Na última semana, prefeito de Aracaju, Edvaldo Nogueira, vetou Projetos de Lei de vereadores de Aracaju, que tratavam de novas gratuidades, mas não sinalizavam a fonte de custeio. Um desses vetos foi derrubado pela Casa Legislativa – o veto ao Projeto de Lei N° 102/ 2017, que determina gratuidade a pessoas acima de 60 anos. O Sindicato das Empresas de Transporte de Passageiros de Aracaju (Setransp), diz que a iniciativa do prefeito é inconstitucional, já que o mesmo não apresentou a fonte de custeio.
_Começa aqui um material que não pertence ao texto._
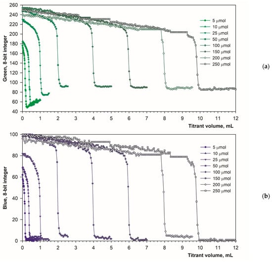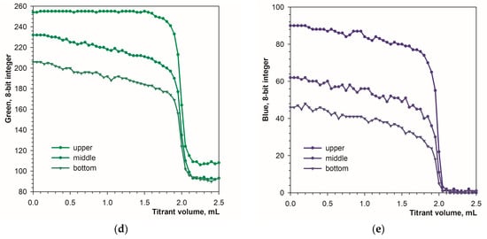 Digital cameras and scanners are already used in analytical chemistry, mainly for the direct measurement of transmittance and reflectance [,,,,,,,]. Several scientific reports have addressed the use of digital cameras for endpoint detection in titration techniques [,,,,,,]. Different color models are used to detect the color transition [,,]. The Red–Green–Blue color model is most commonly used. The Hue–Saturation–Intensity and Hue–Saturation–Value models may provide less fluctuation in the titration line due to the separation of color and luminance information []. The Hue parameter provides smooth titration graphs using an open mixing chamber without rigorous lighting control []. The Hue parameter and the inner product of RGB vectors have been compared using the same set of digital images []. Both parameters proved to be excellent in detecting endpoints.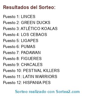 Lista de participantes: LATIN WARRIORS, LIGAPES, LINCES, LIONS KINGS, LOBOS DEL PES, MIS HUEVOS TEAM, PESFRIENDS, PESPASIÓN IBÉRICA, PESSPAIN, UNSERVEK TEAM, WILDBOARDS, HISPANIA PES/FÉNIXPES, GREEN DUCKS/VULCANO, PULPO PAUL/RHINOS DEL PES, CHACALES/PESTIVAL KILLERS, ATLÉTICO KOALAS/MALAKITOS IS SHARKS.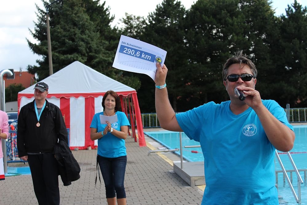 Trotzdem war Markus Töppe vom Badesportverein Großfurra sehr zufrieden beim Verkünden es Gesamtergebnisses, Ergebnisse vom Vorjahr in Klammern. Insgesamt 5.812 Bahnen a 50m (6.224 Bahnen) wurden geschwommen und dabei waren die Schwimmerinnen und Schwimmer 210 Stunden (236 Stunden) im Wasser (alle zusammen). Insgesamt 86 Teilnehmer (117 Teilnehmer) sind in die Wertung gekommen.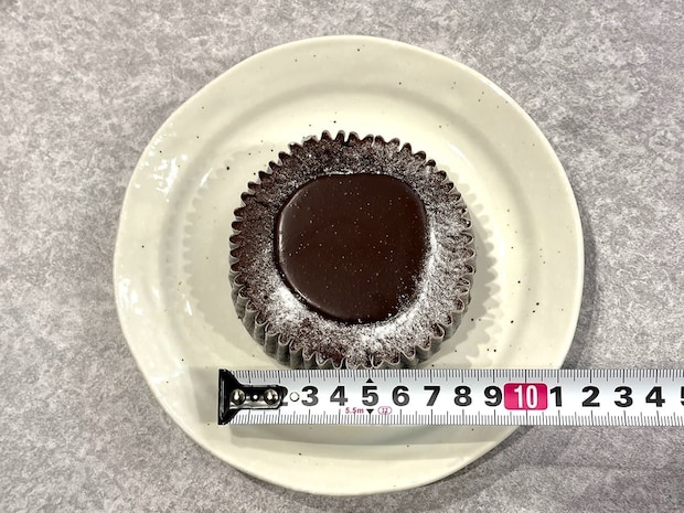 メジャーでサイズを測ってみたところ、直径約8.5cmでフォンダンショコラとしては大きい印象。手で持ってみると、ずっしりとした重さがありました!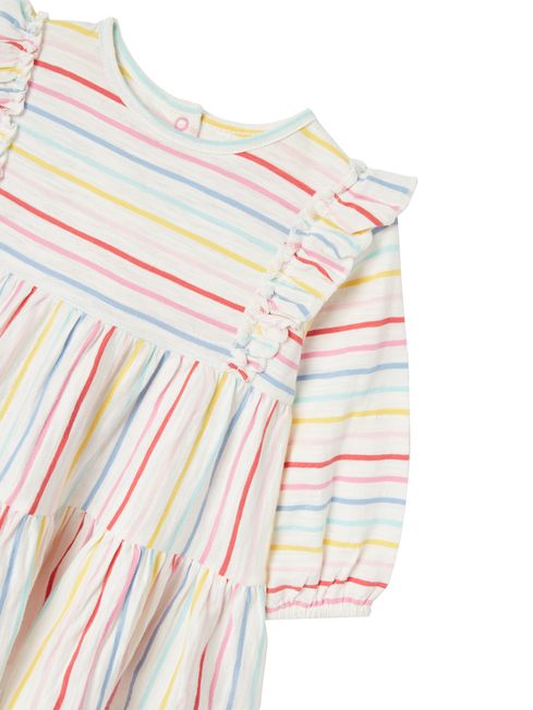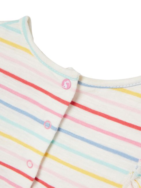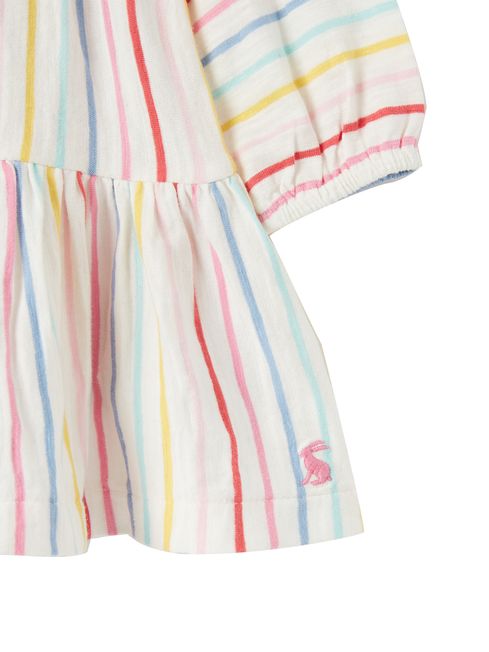 If this is the baby's first summer (or even if it's not) this dress will make it one to remember. It's adorned in a print that's bursting with summery colours, features frilled sleeves that are oh-so-pretty and has a tiered skirt for a fun, full shape. We've finished it with popper fastenings to the back and a Joules embroidered hare hidden at the hemline.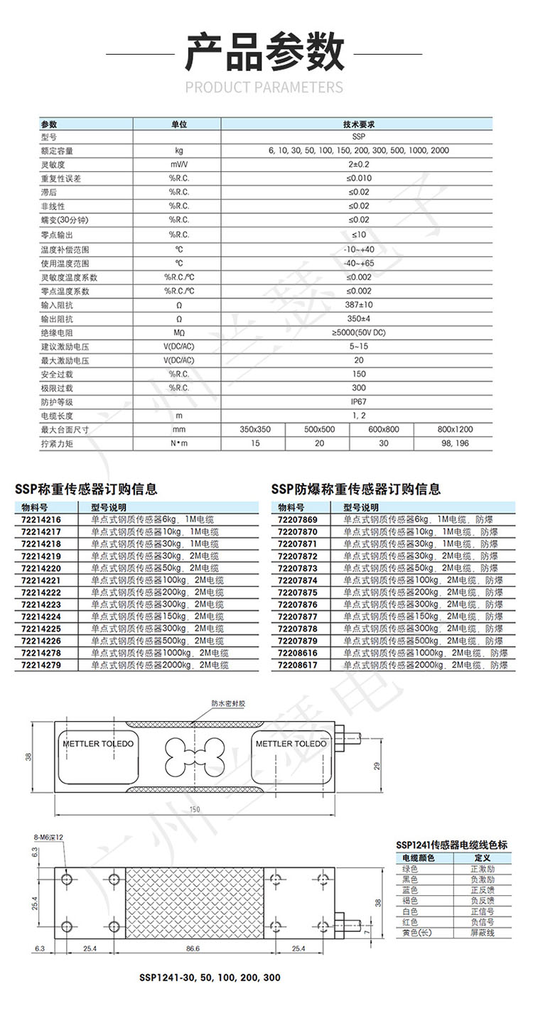 除梅特勒托利多SSP1241-100稱重傳感器其它熱銷型號: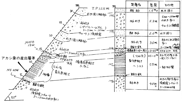 この柱状図で「淡青灰色粘土」と書いてあるのは、湖にできた粘土でアカシ象を発見した粘土と同じ粘土です。アカシ象の発見地点はこの崖の北西150mのところにあり直接つながっていくようすが観察できます。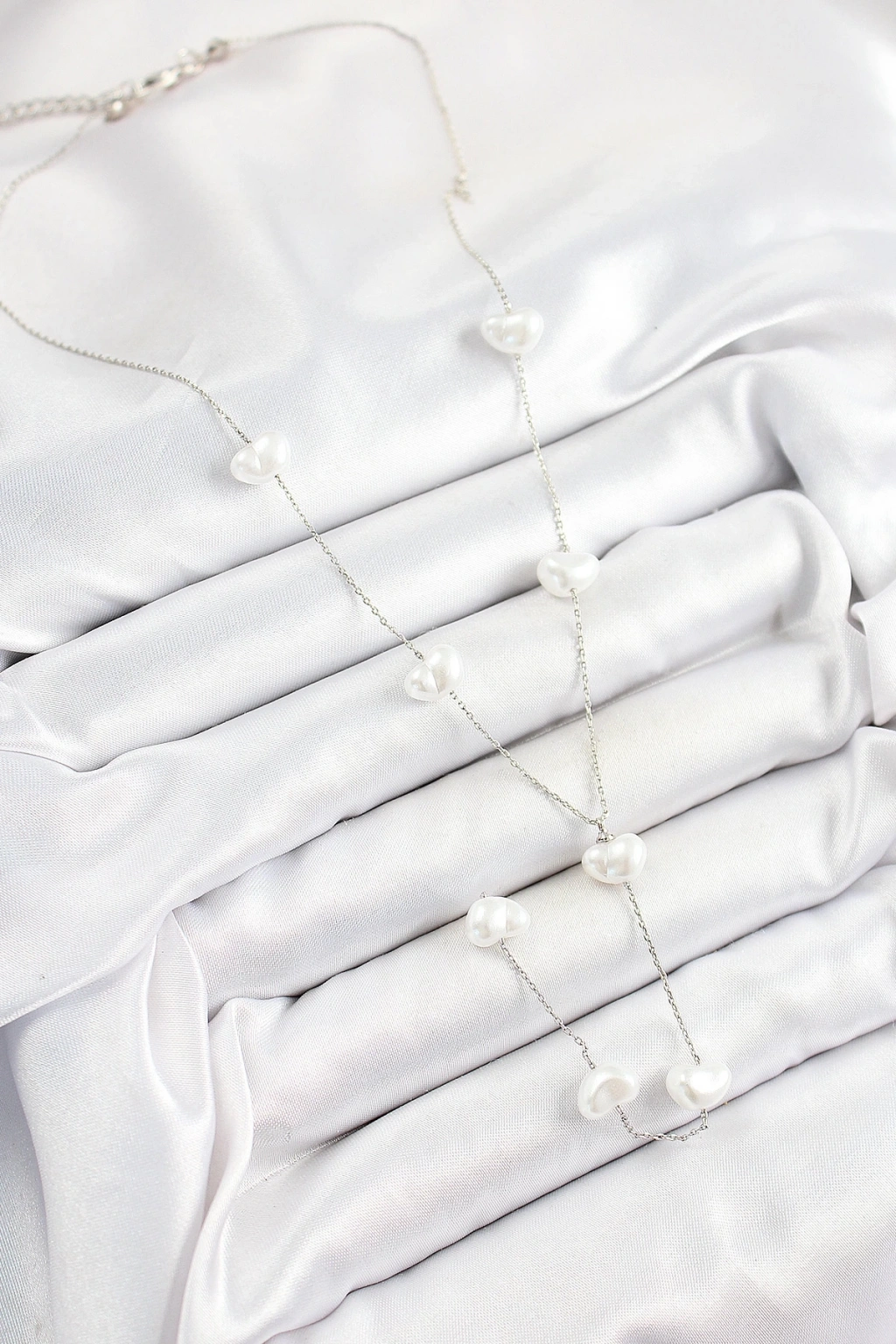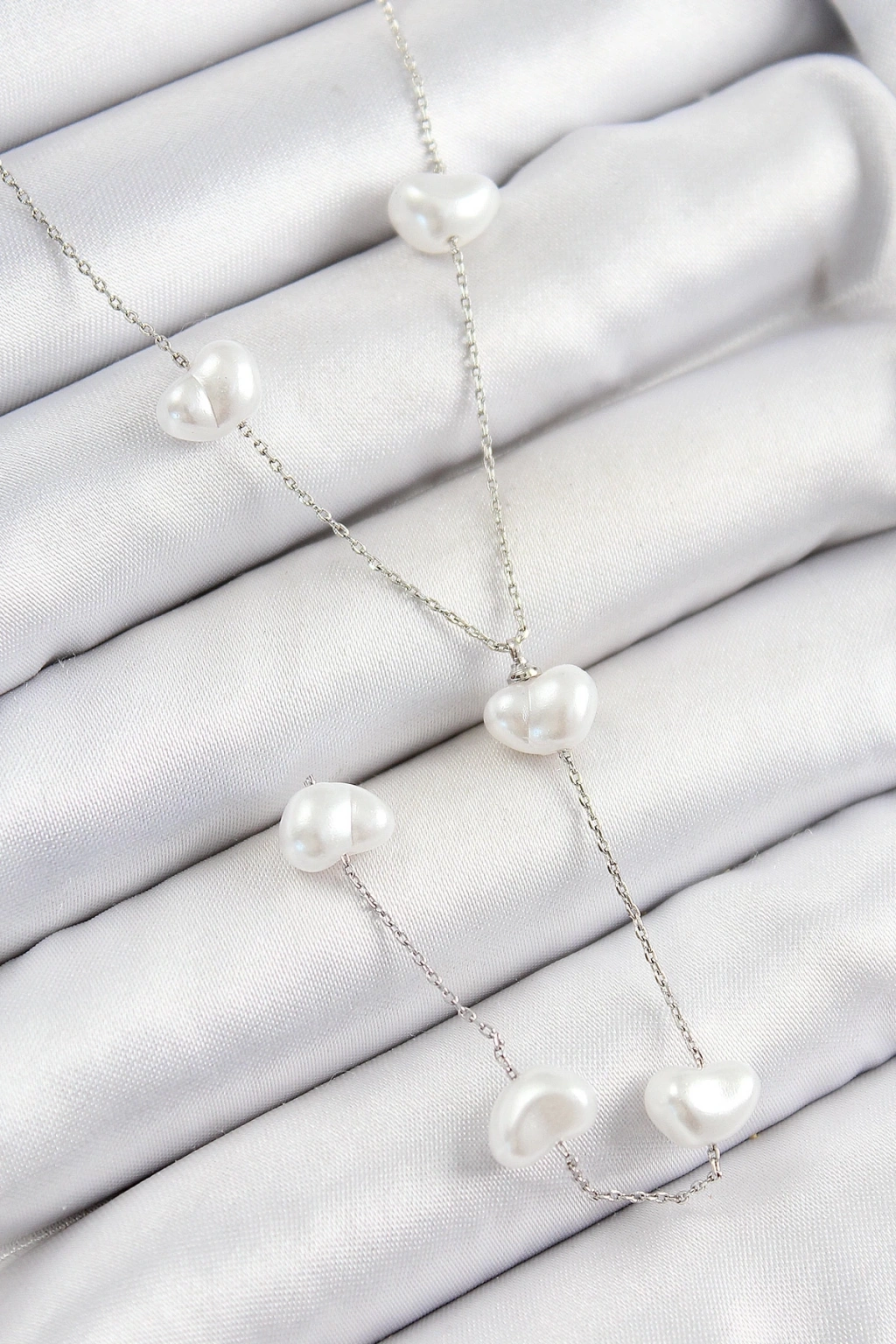 BFS 316L Çelik İncili Kalp Figürlü Y Model Gümüş Renk Kadın Kolye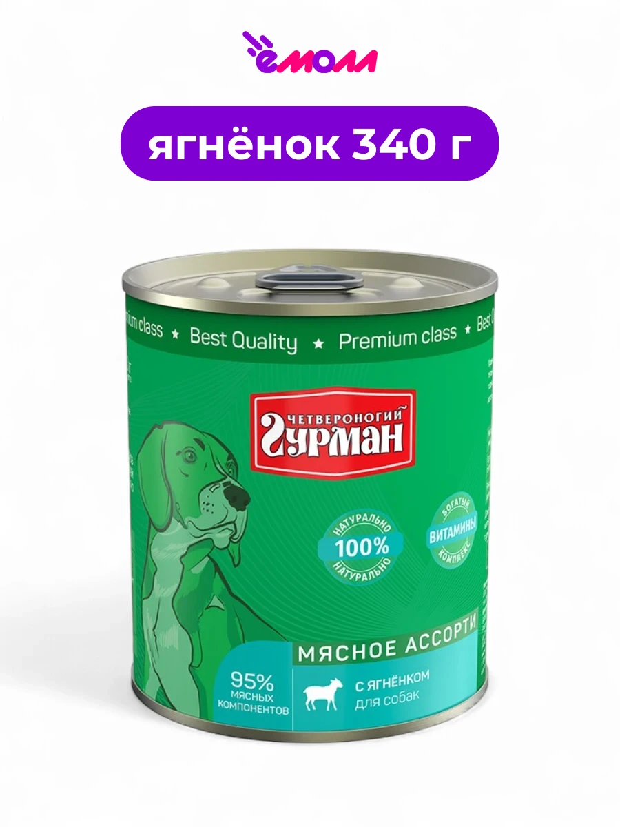 Четвероногий Гурман консервированный корм для собак ягненок 340 г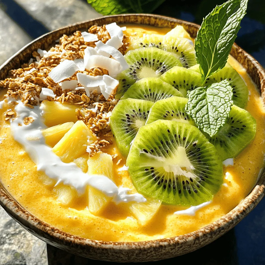 Erlebe den tropischen Genuss mit dieser köstlichen dicken Smoothie-Schüssel! Diese einfache Rezeptur kombiniert gefrorene Banane, frische Ananas und cremige Kokosmilch zu einem perfekten Frühstück oder Snack. Mit Haferflocken, Chiasamen und deinen Lieblings-Toppings wird dieser gesunde Leckerbissen zum Highlight des Tages! Klicke durch, um das vollständige Rezept zu entdecken und dir einen Hauch von tropischem Urlaub zu sichern!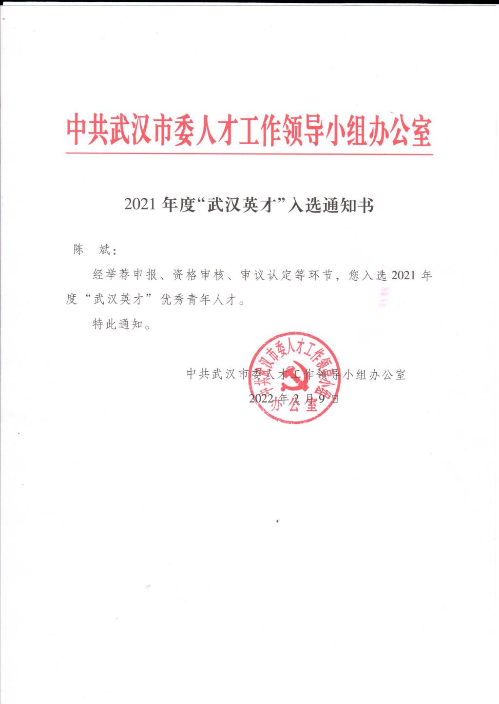 本网讯(通讯员 王彬)日前,武汉市组织部公示了2021年度“武汉英才”人选名单,我院陈斌教授入选。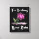 Blomdesignen har ett enkelt, ensamt rosa ros som vilseleder i förtvivlan med ord, "jag känner din smärta" i morostypografi. Vissa människor kan känna andras smärta, men ord ensam uttrycker det inte alltid. Detta är ett sätt att visuellt uttrycka sin sorg över andras förtvivlan. Den här designen är till för alla som är visuellt poetiska eller bara på melankoli humör.

De acordo com o Setransp, atualmente 70% dos habitantes de Aracaju e da região metropolitana utilizam o ônibus como seu principal meio de transporte, no acesso aos demais serviços essenciais. Como será o reflexo para esses passageiros diante dessas novas gratuidades no transporte o sindicato alerta, que é preciso apresentar que qual será a fonte de custeio e qual será o impacto para o serviço do transporte público em Aracaju, ou seja, informar quem pagará a conta.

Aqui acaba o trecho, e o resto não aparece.